(Records from a data source)
"""
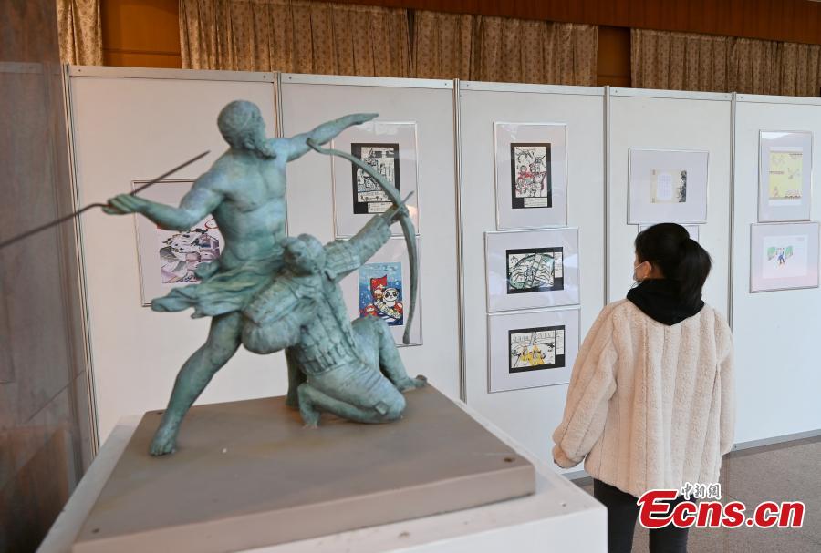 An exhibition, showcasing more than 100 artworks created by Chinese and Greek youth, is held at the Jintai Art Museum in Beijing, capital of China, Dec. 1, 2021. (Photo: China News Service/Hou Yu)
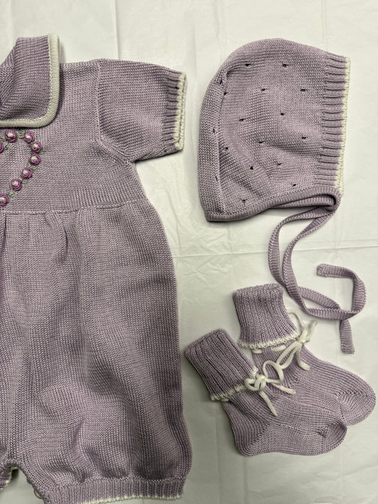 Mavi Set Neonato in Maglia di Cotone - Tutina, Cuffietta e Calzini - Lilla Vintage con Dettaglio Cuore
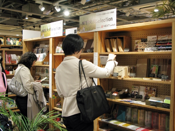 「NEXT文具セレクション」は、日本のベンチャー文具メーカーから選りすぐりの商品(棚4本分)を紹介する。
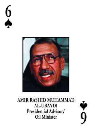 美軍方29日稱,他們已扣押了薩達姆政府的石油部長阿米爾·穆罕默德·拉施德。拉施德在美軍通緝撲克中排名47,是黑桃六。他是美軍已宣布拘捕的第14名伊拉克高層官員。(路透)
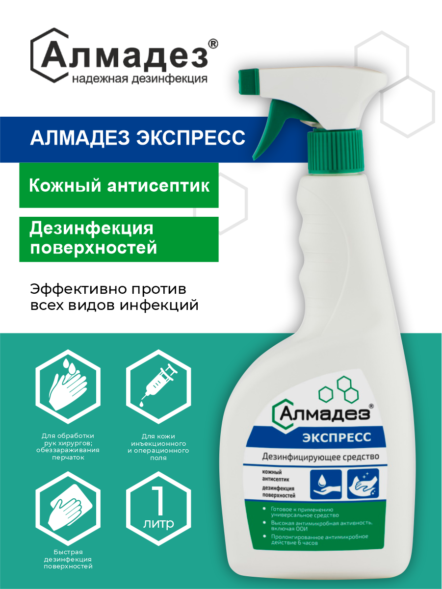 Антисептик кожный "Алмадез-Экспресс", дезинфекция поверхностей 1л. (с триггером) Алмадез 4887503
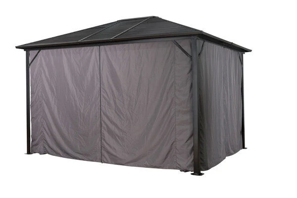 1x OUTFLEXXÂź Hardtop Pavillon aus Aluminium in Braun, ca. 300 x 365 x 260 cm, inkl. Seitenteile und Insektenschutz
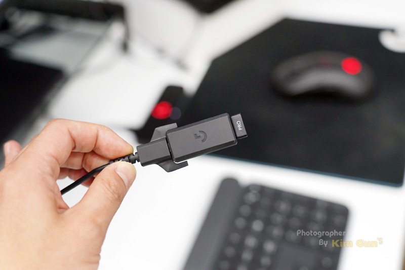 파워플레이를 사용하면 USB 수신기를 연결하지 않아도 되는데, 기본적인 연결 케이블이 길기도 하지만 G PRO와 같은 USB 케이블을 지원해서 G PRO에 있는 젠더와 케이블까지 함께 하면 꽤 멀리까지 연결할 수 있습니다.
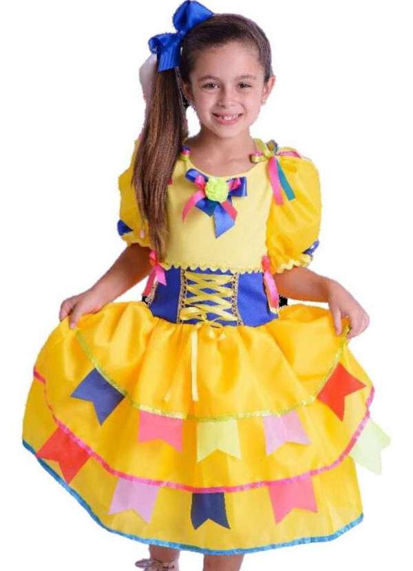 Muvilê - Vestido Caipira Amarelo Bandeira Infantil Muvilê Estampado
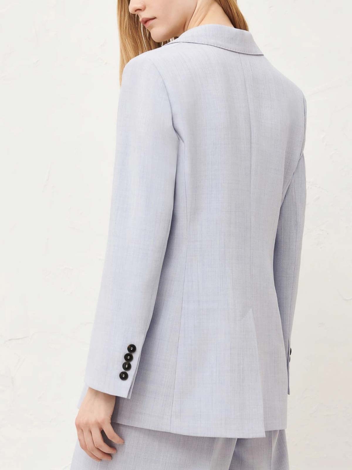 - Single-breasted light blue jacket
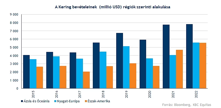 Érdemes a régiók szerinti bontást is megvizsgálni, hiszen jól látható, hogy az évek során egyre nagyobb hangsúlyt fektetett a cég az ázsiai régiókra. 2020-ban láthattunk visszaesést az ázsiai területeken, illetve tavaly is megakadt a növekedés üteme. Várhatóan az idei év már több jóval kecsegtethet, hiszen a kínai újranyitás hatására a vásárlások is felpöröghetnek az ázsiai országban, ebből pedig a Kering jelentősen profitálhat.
"""
Restate the records above word for word, without the pictures.

### Task response:
 An exhibition, showcasing more than 100 artworks created by Chinese and Greek youth, is held at the Jintai Art Museum in Beijing, capital of China, Dec. 1, 2021. (Photo: China News Service/Hou Yu)
 Mavi Set Neonato in Maglia di Cotone - Tutina, Cuffietta e Calzini - Lilla Vintage con Dettaglio Cuore
 「NEXT文具セレクション」は、日本のベンチャー文具メーカーから選りすぐりの商品(棚4本分)を紹介する。
 美軍方29日稱,他們已扣押了薩達姆政府的石油部長阿米爾·穆罕默德·拉施德。拉施德在美軍通緝撲克中排名47,是黑桃六。他是美軍已宣布拘捕的第14名伊拉克高層官員。(路透)
 Антисептик кожный "Алмадез-Экспресс", дезинфекция поверхностей 1л. (с триггером) Алмадез 4887503
 1x OUTFLEXXÂź Hardtop Pavillon aus Aluminium in Braun, ca. 300 x 365 x 260 cm, inkl. Seitenteile und Insektenschutz
 파워플레이를 사용하면 USB 수신기를 연결하지 않아도 되는데, 기본적인 연결 케이블이 길기도 하지만 G PRO와 같은 USB 케이블을 지원해서 G PRO에 있는 젠더와 케이블까지 함께 하면 꽤 멀리까지 연결할 수 있습니다.
 Muvilê - Vestido Caipira Amarelo Bandeira Infantil Muvilê Estampado
 - Single-breasted light blue jacket
 Érdemes a régiók szerinti bontást is megvizsgálni, hiszen jól látható, hogy az évek során egyre nagyobb hangsúlyt fektetett a cég az ázsiai régiókra. 2020-ban láthattunk visszaesést az ázsiai területeken, illetve tavaly is megakadt a növekedés üteme. Várhatóan az idei év már több jóval kecsegtethet, hiszen a kínai újranyitás hatására a vásárlások is felpöröghetnek az ázsiai országban, ebből pedig a Kering jelentősen profitálhat.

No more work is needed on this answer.